Everyone needs sleep, but its biological purpose remains a mystery. Sleep affects
almost every type of tissue and system in the body – from the brain, heart, and
lungs to metabolism, immune function, mood, and disease resistance. Research
shows that a chronic lack of sleep, or getting poor quality sleep, increases the risk
of disorders including high blood pressure, cardiovascular disease, diabetes,
depression, and obesity.
Most of us consider sleep a time of tranquility when we set aside the tensions of
the day and spend the night in uneventful slumber. However, a closer look at sleep
shows that a good deal of activity occurs throughout the night. Measures of
electrical activity in the brain show that the brain is quite active during sleep. It
produces electrical discharges with systematic, wavelike patterns that change in
height (or amplitude) and speed (or frequency) in regular sequences. There is also
significant physical activity in muscle and eye movements. People progress
through a series of distinct stages of sleep during a night’s rest—known as
stage 1 through stage 3 and REM sleep—moving through the stages in cycles
lasting about 90 minutes. Each of these sleep stages is associated with a unique
pattern of brain waves, which you can see in Figure.
When people first go to sleep, they move from a waking state in which they are
relaxed with their eyes closed into stage1 sleep, which is characterized by
relatively rapid, low-amplitude brain waves. This is actually a stage of transition
between wakefulness and sleep and lasts only a few minutes. During stage 1,
images sometimes appear, as if we were viewing still photos, although this is not
true dreaming, which occurs later in the night.

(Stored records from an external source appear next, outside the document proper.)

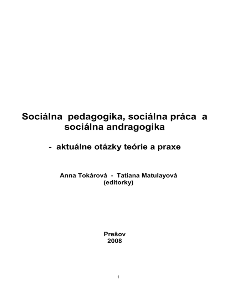 Editorky: prof. PhDr. Anna Tokárová, CSc., doc. PaedDr. Tatiana Matulayová, PhD.
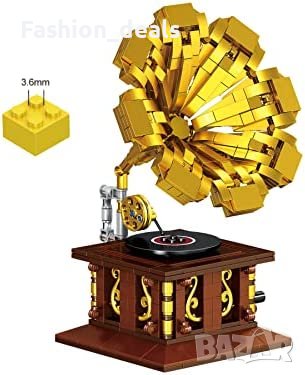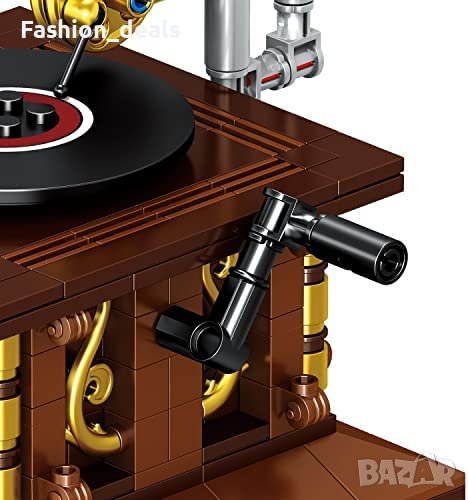 Изящният дизайн възпроизвежда истинския Ретро фонограф, като всеки елемент е изобразен в миниатюрен модел от блокчета.
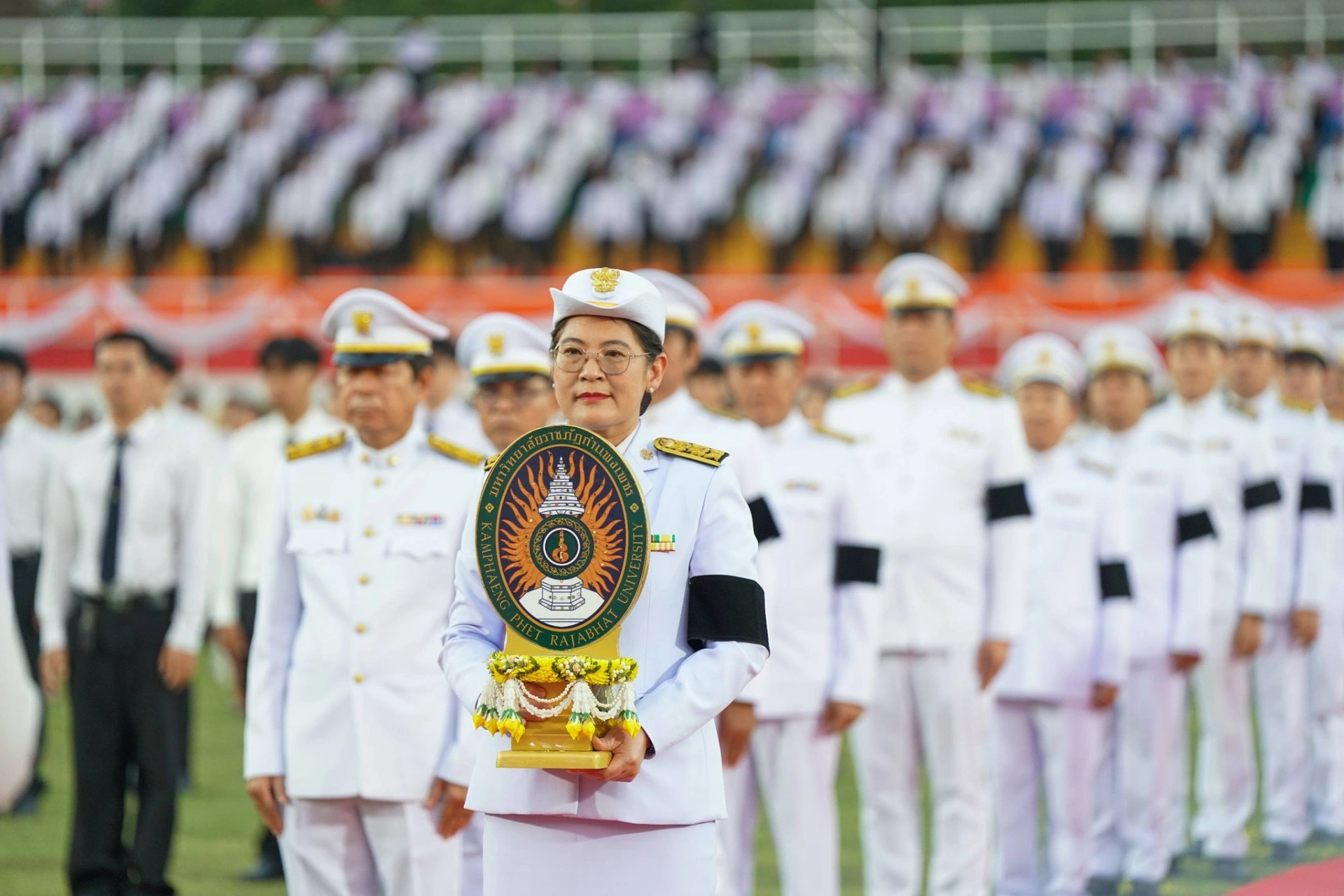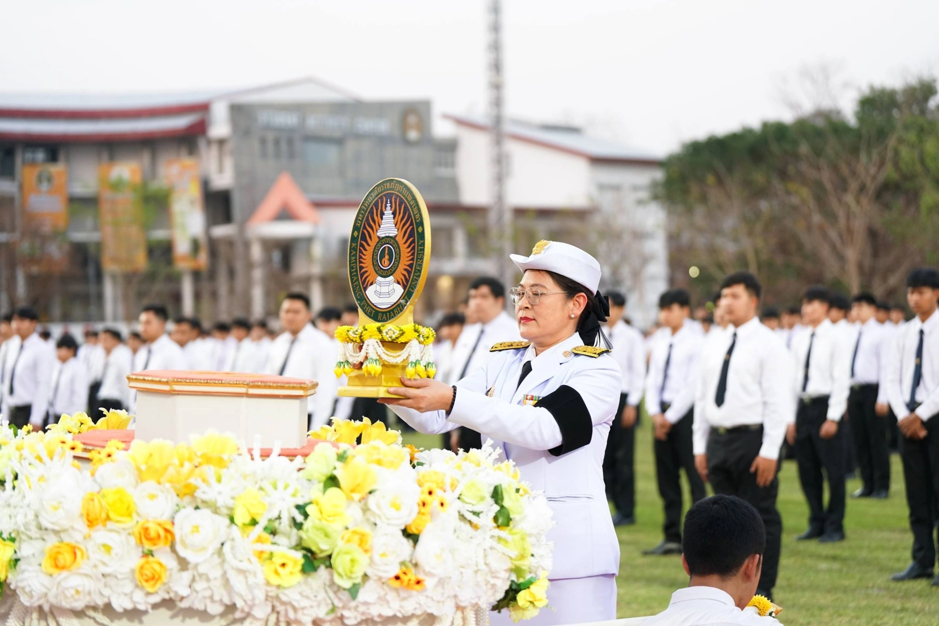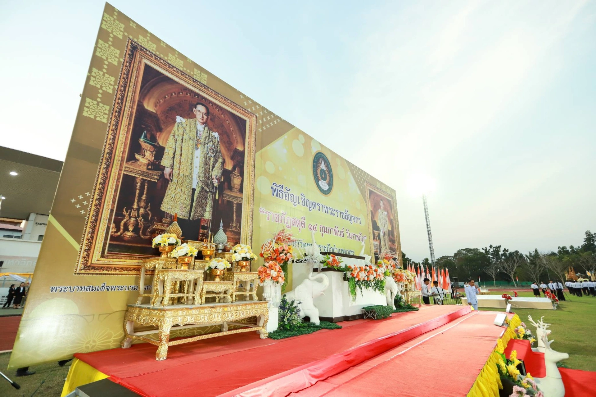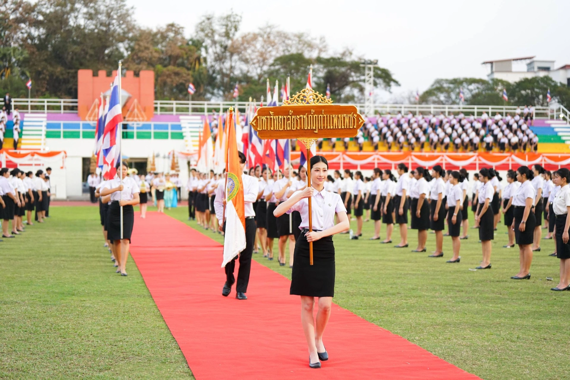 เมื่อวันที่ 13 กุมภาพันธ์ 2569 ผศ.ดร.ปรียานุช พรหมภาสิต อธิการบดีมหาวิทยาลัยราชภัฏกำแพงเพชร เป็นประธาน พร้อมด้วยผู้บริหาร บุคลากร และนักศึกษา เข้าร่วมพิธีโดยพร้อมเพรียงกัน ณ สนามกีฬากลาง มหาวิทยาลัยราชภัฏกำแพงเพชร

As sleep becomes deeper, people enter stage 2 sleep, which makes up about half of
the total sleep of those in their early 20s and is characterized by a slower, more
regular wave pattern. However, there are also momentary interruptions of sharply
pointed, spiky waves that are called, because of their configuration, sleep spindles.

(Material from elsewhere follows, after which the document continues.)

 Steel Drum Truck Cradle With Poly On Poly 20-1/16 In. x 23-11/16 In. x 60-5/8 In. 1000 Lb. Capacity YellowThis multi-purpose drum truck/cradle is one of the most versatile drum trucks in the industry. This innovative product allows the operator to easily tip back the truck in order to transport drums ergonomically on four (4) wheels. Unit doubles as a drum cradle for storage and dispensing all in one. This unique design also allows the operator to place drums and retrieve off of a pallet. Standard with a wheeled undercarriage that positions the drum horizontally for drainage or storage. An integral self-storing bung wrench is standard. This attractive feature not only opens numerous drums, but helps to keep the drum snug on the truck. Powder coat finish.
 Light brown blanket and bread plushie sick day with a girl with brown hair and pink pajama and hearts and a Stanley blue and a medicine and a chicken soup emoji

It becomes increasingly difficult to awaken a person from sleep as stage 2
progresses.
As people drift into stage 3 sleep, the deepest stage, the brain waves become
slower, with higher peaks and lower valleys in the wave pattern. During stage 3,
people are least responsive to outside stimulation. As you can see in Figure , stage
3 sleep is most likely to occur during the early part of the night. In the first half of
the night, sleep is dominated by stage 3. The second half is characterized by stages
1 and 2 —as well as a fourth stage, REM sleep, during which dreams occur.
REM Sleep: The Paradox of Sleep Several times a night, when sleepers have
cycled back to a shallower state of sleep, something curious happens. Their heart
rate increases and becomes irregular, their blood pressure rises, and their breathing
rate increases. Most characteristic of this period is the back-and-forth movement of
their eyes, as if they were watching an action-filled movie.

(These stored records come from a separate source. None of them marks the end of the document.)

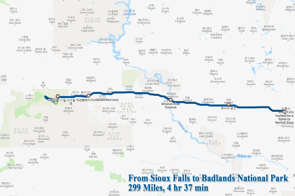 사우스다코타주 수폴스 (Sioux Falls, South Dakota)에서부터 배드랜즈 국립공원까지는 I-90W을 따라 그냥 직진으로만 4시간가량 달리면 된다. 이번 로드트립의 주요 목적지인 배드랜즈 국립공원에 도착하는 날인데, 가는 길에 잠깐 들러서 구경할만한 곳들을 소개하려고 한다.
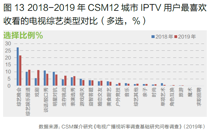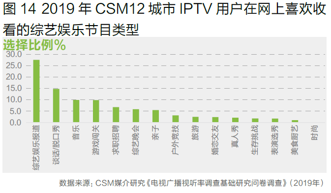IPTV用户收看电视综艺时更喜欢综艺晚会,在网络收看时综艺娱乐报道和娱乐脱口秀位居前列
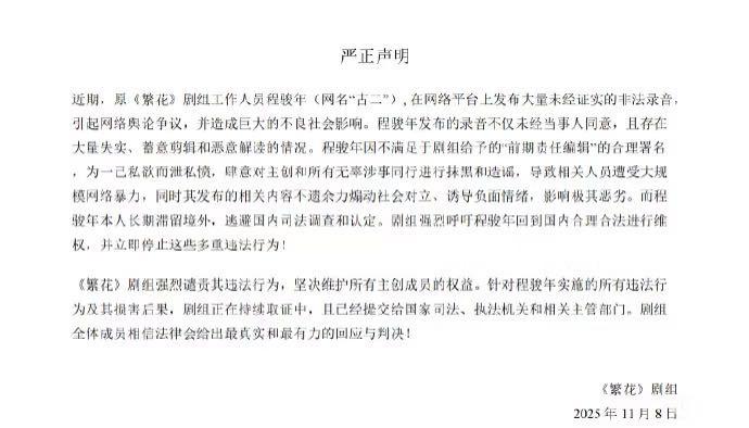 对比《繁华》剧组的三份声明,可以看出舆情的不断升级。 敬请留意、声明、严正声明…
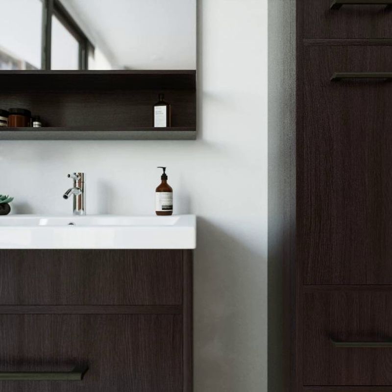 Удобная система хранения позволяет размещать все необходимое для гигиенических процедур, а её продуманные размеры отлично вписываются даже в небольшие помещения. Стильные ручки и элегантные фасады придают тумбе особый шарм, а разнообразие цветовых решений позволит выбрать модель, соответствующую любому интерьеру – от классического до модерн.
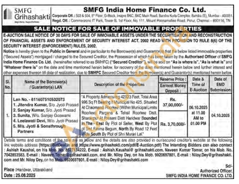 "A Property Admesuring 42X23 Feet, Total Area 996 Sq Ft Bearing II Municipal No 425, Situaled At Chaomandi Roorkee (Within Municipal Limits Roorkee) Pargana & Tehsil Roorkee Dist Sharanpur At Present Distt Haridwar Bounded In The East By Plot of Seller, West By Plot of Smt. Fatima Begum, North By Road 12 Feet Wide South By Plot of Shri Murari Lal
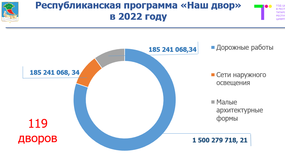 В настоящее время дорожные работы ведутся в 60 дворах (117 домов), в 9 дворах дорожные работы завершены, выполнение составляет 37%. Работы по освещению ведутся в 21 дворе, в 30 дворах работы уже завершены, выполнение составляет 39 %.
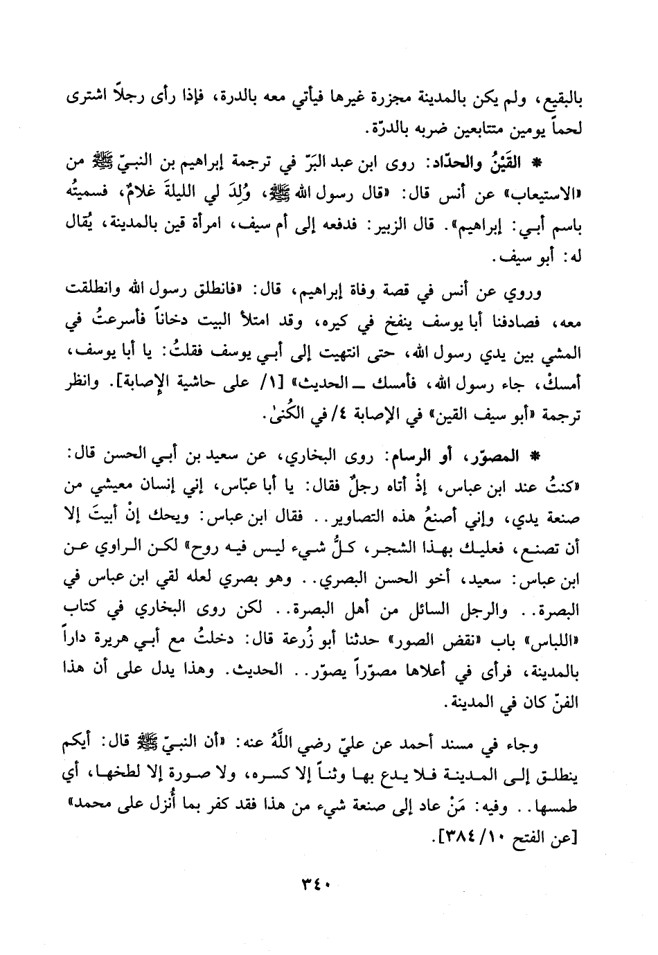 * المصور , او الرسام: روى البخاري , عن سعيد بن ابي الحسن قال: ((كنت عند ابن عباس , اذ اتاه رجل فقال: ياأبا عباس , اني انسان معيشي من صنعة يدي , واني اصنع هذه التصاوير .. فقال ابن عباس: ويحك ان ابيت الا ان تصنع , فعليك بهذا الشجر , كل شيء ليس فيه روح)) لكن الراوي عن ابن عباس: سعيد , اخو الحسن البصري .. وهو بصري لعله لقي ابن عباس في البصرة .. والرجل السائل من اهل البصرة .. لكن روى البخاري في كتاب ((اللباس)) باب ((نقض الصور)) حدثنا ابو زرعة قال: دخلت مع أبي هريرة دارا بالمدينة , فرأى في أعلاها مصورا يصور .. الحديث.

This period of sleep is called rapid eye movement, or REM, sleep, and it
contrasts with stages 1 through 3, which are collectively labeled non-REM (or
NREM) sleep.
REM sleep occupies a little more than 20% of adults’ total sleeping time.
Paradoxically, while heart rate, blood pressure, and breathing increase during REM
sleep, the major muscles of the body appear to be paralyzed. In addition, and most
important, REM sleep is usually accompanied by dreams, which—whether or not
people remember them—are experienced by everyone during some part of their
night’s sleep.
Although some dreaming occurs in non-REM stages of sleep, dreams are most
likely to occur in the REM period, where they are the most vivid and easily
remembered (Leclair-Visonneau et al., 2011; Manni & Terzaghi, 2013; Sikka et
al., 2017).
Consequently, they were better able to forage for food when the sun was up. A
second explanation for why we sleep is that sleep restores and replenishes our
brains and bodies. For instance, the reduced activity of the brain during non-REM
sleep may give neurons in the brain a chance to repair themselves.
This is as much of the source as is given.